As I can understand from your assignment statement in while loop I think you need array of strings instead:

正如我从你在 while 循环中的赋值语句所理解的那样，我认为你需要字符串数组：

char** new_array;
new_array = malloc(30 * sizeof(char*)); // ignore casting malloc

Note: By doing =in while loop as below:

注意：通过=在 while 循环中执行如下操作：

new_array [i] = new_message->array_pointers_of_strings [i];

you are just assigning address of string (its not deep copy), but because you are also writing "only address of strings" so I think this is what you wants.

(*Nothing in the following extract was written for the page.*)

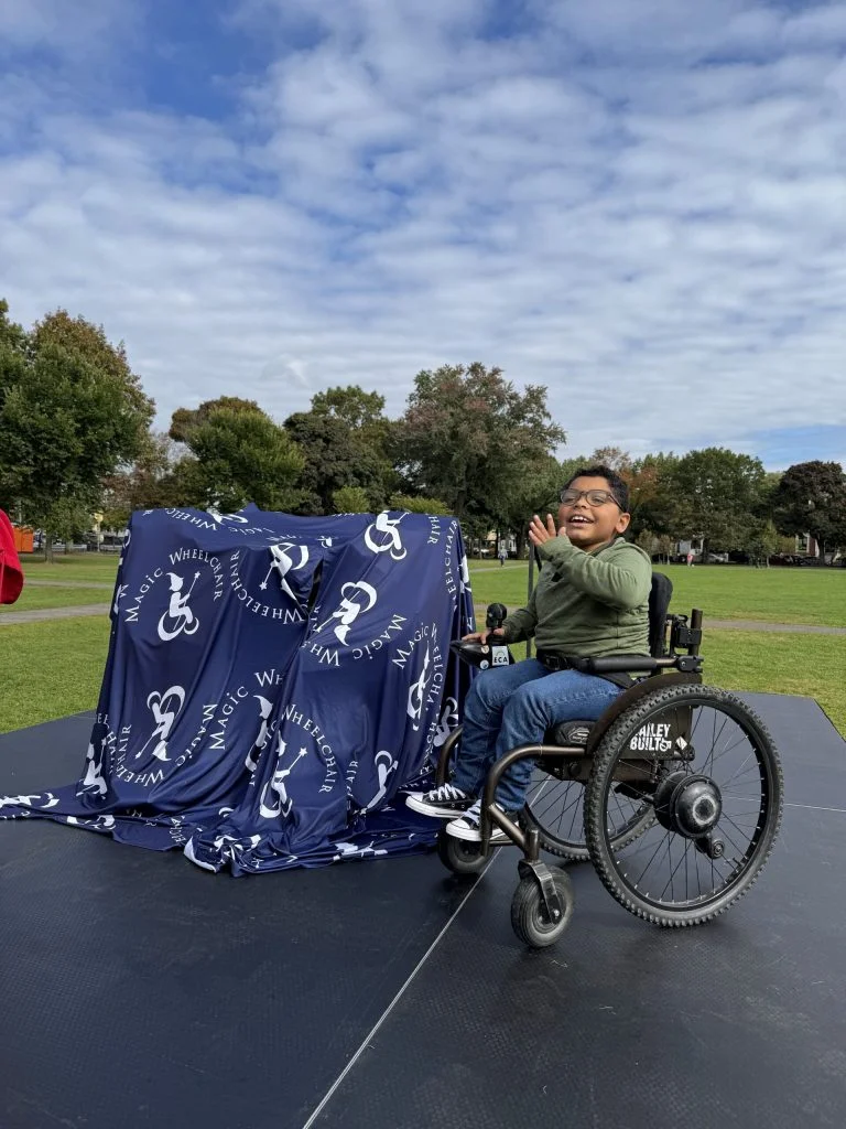 Adrian is a star in the making. He wanted everyone and anyone to see his Halloween costume, provided by the SOLIDWORKS Magic Wheelchair build team. So, at 11 AM on a beautiful October day, his loved ones, the build team, a film crew from NBC Boston, and people strolling the park gathered in the Salem Common to see the big costume reveal.
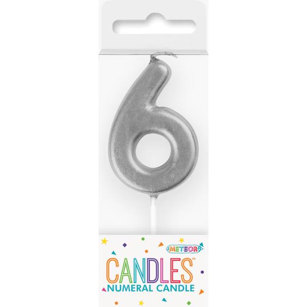 22 in stockMini Silver Numeral 6 Pick Candle - 8cm

您只是在分配字符串的地址（它不是深拷贝），但是因为您也在编写“仅字符串地址”，所以我认为这就是您想要的。

Edit:waring "assignment discards qualifiers from pointer target type"

编辑：警告“赋值丢弃了指针目标类型的限定符”

you are getting this warning because you are assigning a const char*to char*that would violate the rules of const-correctness.

因为你分配你得到这样的警告const char*，以char*可能违反常量，正确的规则。

You should declare your new_array like:

你应该像这样声明你的 new_array ：

const  char** new_array;      

orremove constin declaration of 'array_pointers_of_strings' from message stricture.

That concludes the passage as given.